Data to use below:
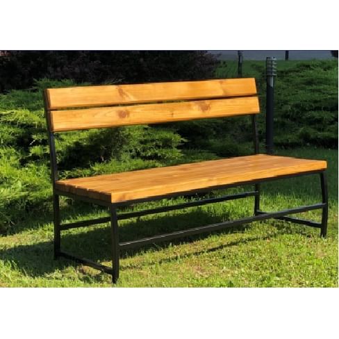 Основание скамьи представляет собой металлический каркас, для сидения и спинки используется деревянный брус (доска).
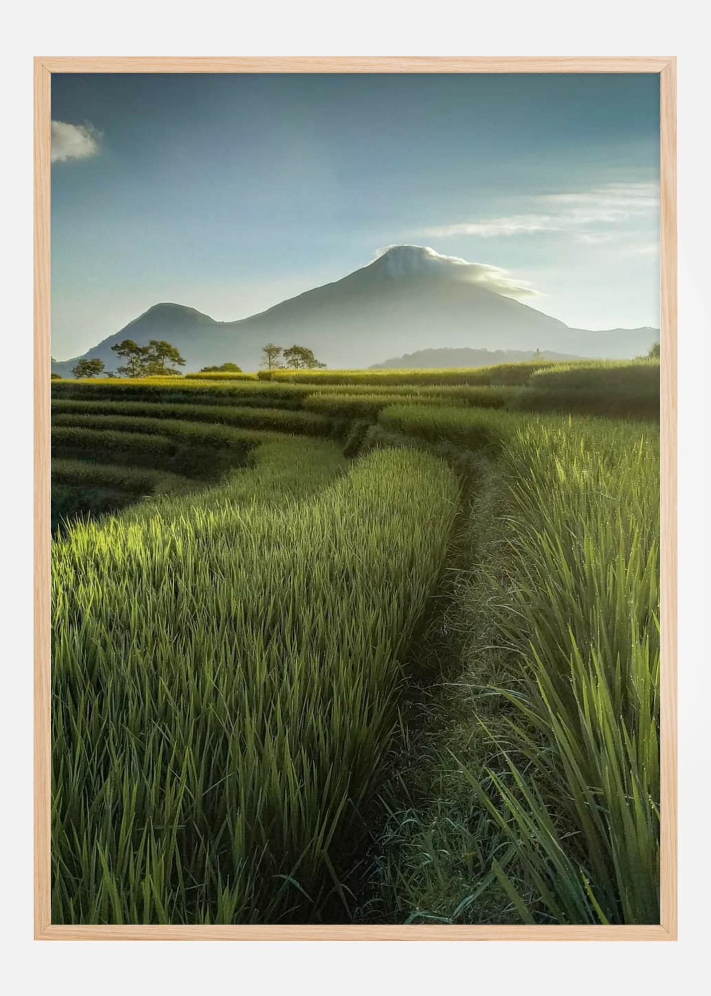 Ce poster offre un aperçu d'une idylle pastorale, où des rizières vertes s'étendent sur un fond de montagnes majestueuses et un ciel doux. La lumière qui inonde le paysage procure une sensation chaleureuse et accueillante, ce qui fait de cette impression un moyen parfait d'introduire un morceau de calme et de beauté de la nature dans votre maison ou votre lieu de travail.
End of Data to use.
Data to use below:
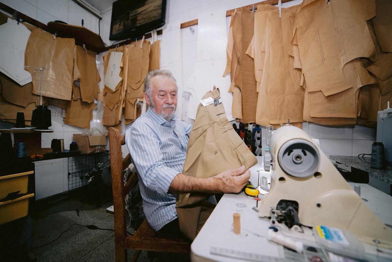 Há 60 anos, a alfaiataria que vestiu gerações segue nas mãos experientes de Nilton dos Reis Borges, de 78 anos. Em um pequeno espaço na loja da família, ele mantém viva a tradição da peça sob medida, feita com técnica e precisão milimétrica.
End of Data to use.
Exercise aim: Above this task is a listing with pictures in it. Retype only the lines from the one containing "Основание скамьи представляет" through the one containing "Ce poster offre", both included, and not the pictures.

Response below:
 Основание скамьи представляет собой металлический каркас, для сидения и спинки используется деревянный брус (доска).
 Ce poster offre un aperçu d'une idylle pastorale, où des rizières vertes s'étendent sur un fond de montagnes majestueuses et un ciel doux. La lumière qui inonde le paysage procure une sensation chaleureuse et accueillante, ce qui fait de cette impression un moyen parfait d'introduire un morceau de calme et de beauté de la nature dans votre maison ou votre lieu de travail.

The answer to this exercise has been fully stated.